Yesterday after saying goodbye to my friends, I gathered myself and with half excitement, half reluctance i gathered my things and headed towards the downtown Rabat train station to buy a first class train ticket to Fes. Yes - when it comes to riding the train I insist on first class it is only 40 dirhams more than 2nd class, but it generally means a quiet enclosed car with only 6 people and less worrying about theft.

But you never know who the other people you are going to get in the car with you will be. I always pray for one or two other really quite women. Sometimes i get this. Yesterday hoever i got : one Moroccan woman, one Moroccan man - asleep when i entered the train car with his laptop on his lap. One man from SubSaharan Africa who seemed to have just arrived to Morocco and was doing his best to figure things out quickly; to men from Bahrain- the Arab country in the Persian Gulf. One had lived in Morocco for some time, for the other it seemed to have been his first visit.

The two men from Bahrain were the talkers of the trip and i found their conversation to have been the perfect conclusion to my tour guide days. I must admit that i was a bit annoyed by their talking, partly because i wanted a quiet ride, and partly because theirs was a running conversation filled with comments about Morocco that I found a bit misinformed and over simplified.

The one man who had been in Morocco for some time pointed out things for his friend, like the name of the towns the train stopped at; although this was generally written on the sign outside the stop. He also pointed out the different fruit trees and crops growing in the field. His friend was really impressed by the bountiful agricultural fields of Morocco.

At one point the man from Sub-Saharan Africa began to ask another man on the train if we were close to Fes, he asked this in French and the Moroccan man responded in French because presumably the man form Sub-Saharan Africa did not know Arabic. This interaction brought some immediate comments from the two men from Bahrain. "Oh how they have been overwhelmed by French" they commented in their Gulfi Arabic dialect. I wondered if they thought the other people on the train did not understand them or if it just didn't matter to them if the Moroccans on the train found the things they said offensive. I wondered if they had realized that the Sub Saharan African man did not know Arabic....

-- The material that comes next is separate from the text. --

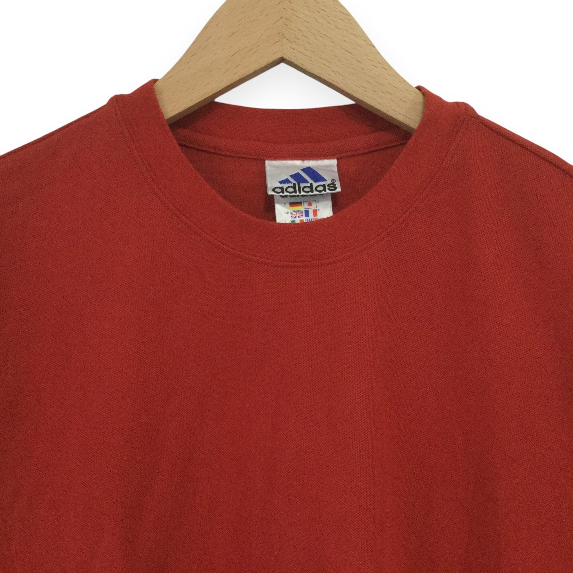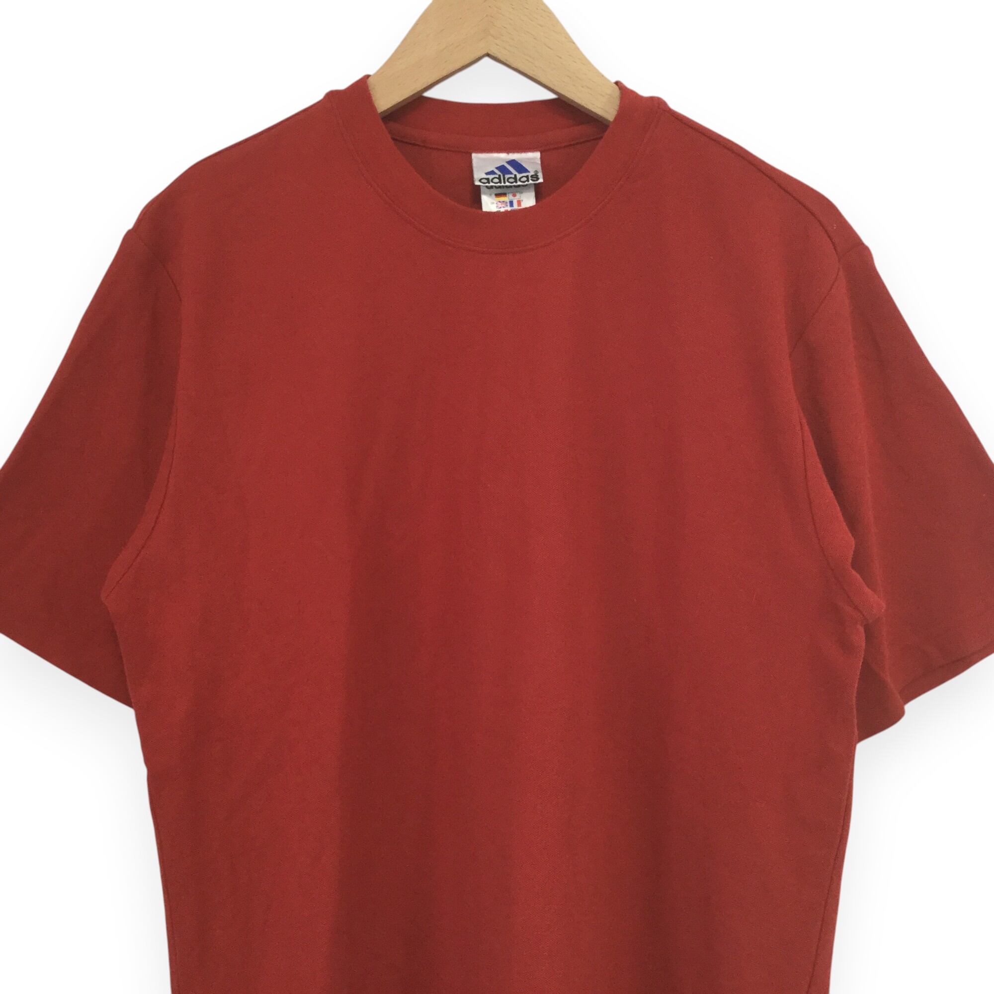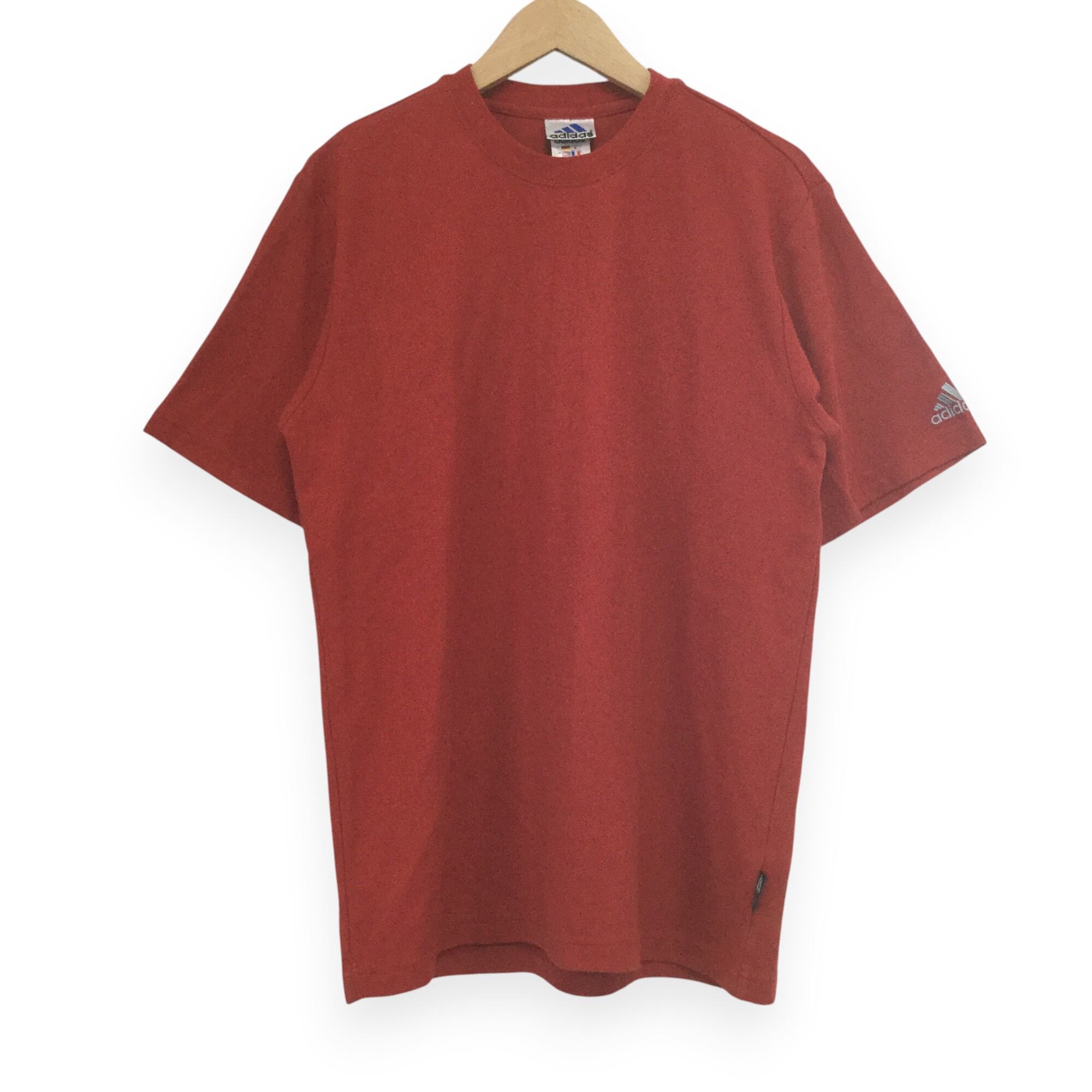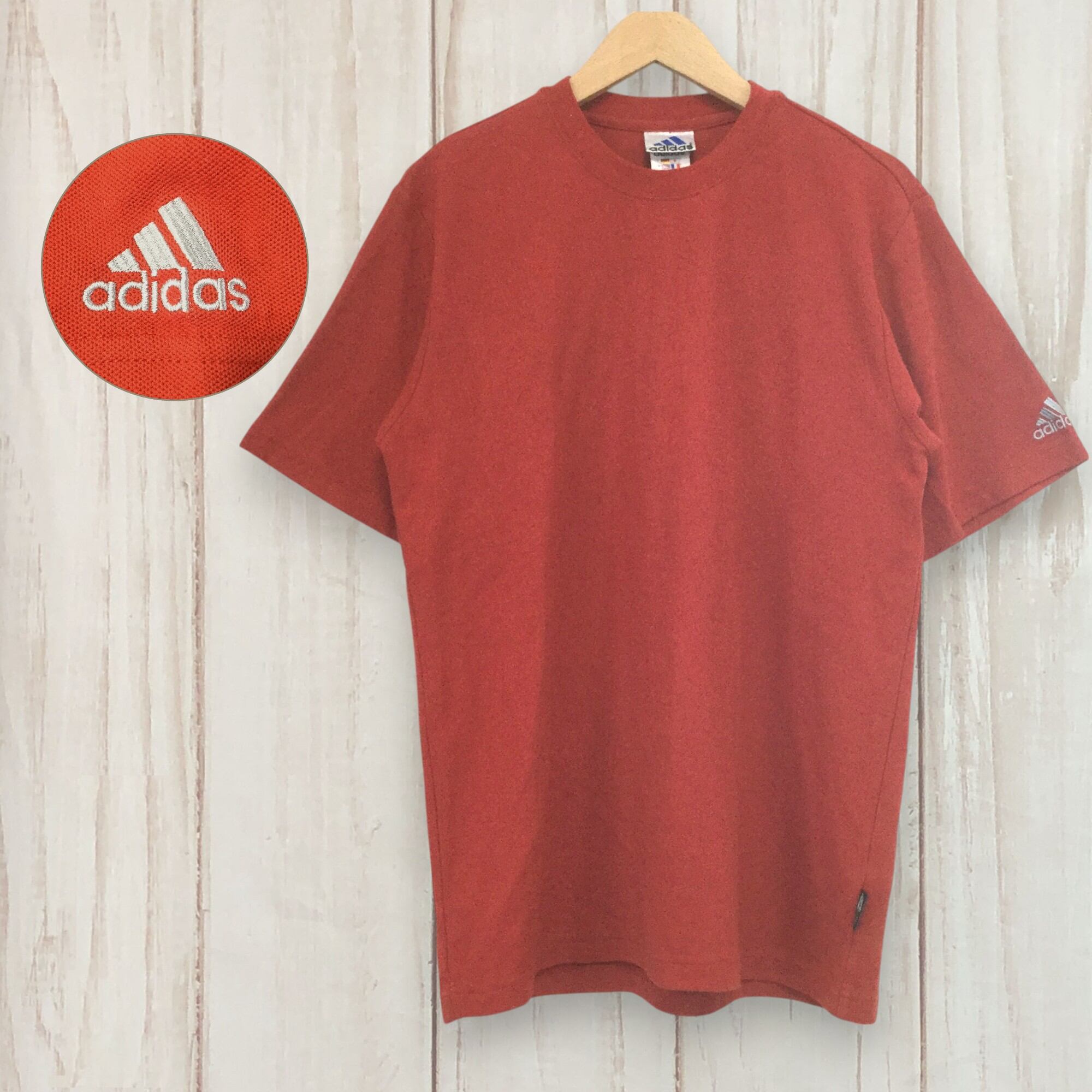 【アディダス 半袖ロゴTシャツ】 鹿の子生地 00s L 赤 adidas 古着 メンズ [250506-021]
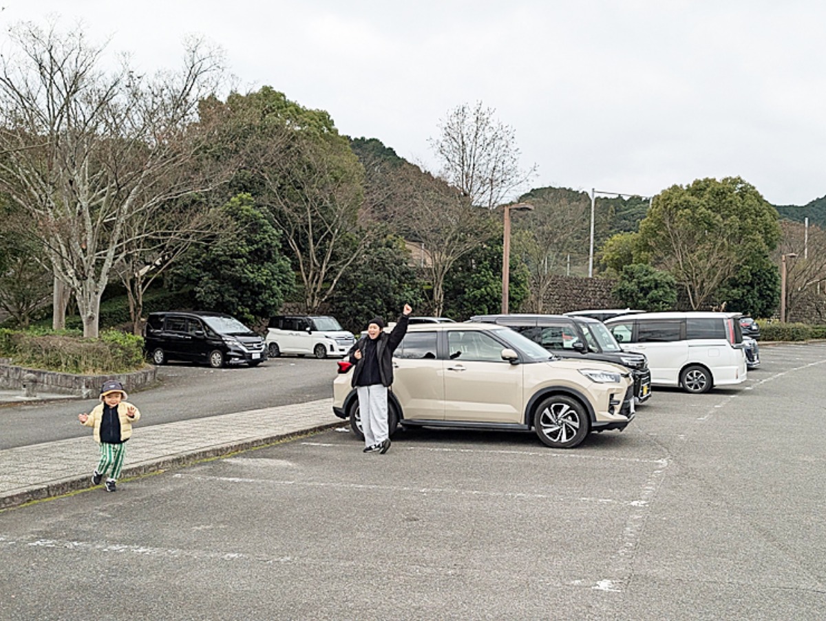 広い駐車場に到着。遊ぶぞー!と息子も張り切っています!

Then there was a comment about how many Moroccans are members of Sufi brotherhoods, tariqas. This was also said with a tinge of condescending judgement. As we near the town of Meknes one of the Bahraini men gets on his cell phone and trying to speak in the Moroccan Arabic dialect calls a woman and tells her that he will be home soon and that he is hungry. oh how perfect for this man to have a Moroccan wife!

God forgive me is this all useless talking about people? I think i began retelling this story because I am just so tired of the tired generalizations made by tourists, academics, and Arabs from the Eastern Muslim lands about Morocco - there is such spiritual and material bounty here - and kindness!

I hope i get a chance to share some pictures and a few notes from all the traveling i have been doing both outside of and within Morocco in the next few posts.

Peace

1 comments:

mumblz said...

Asalaamu alaikum, i am really enjoying your blog, i just found it today and can not stop reading. your notes are authentic to someone that has never been to north africa. i cant wait to show my friend to see how much it makes her think of Morocco. keep up the hard work for the sake of Allah.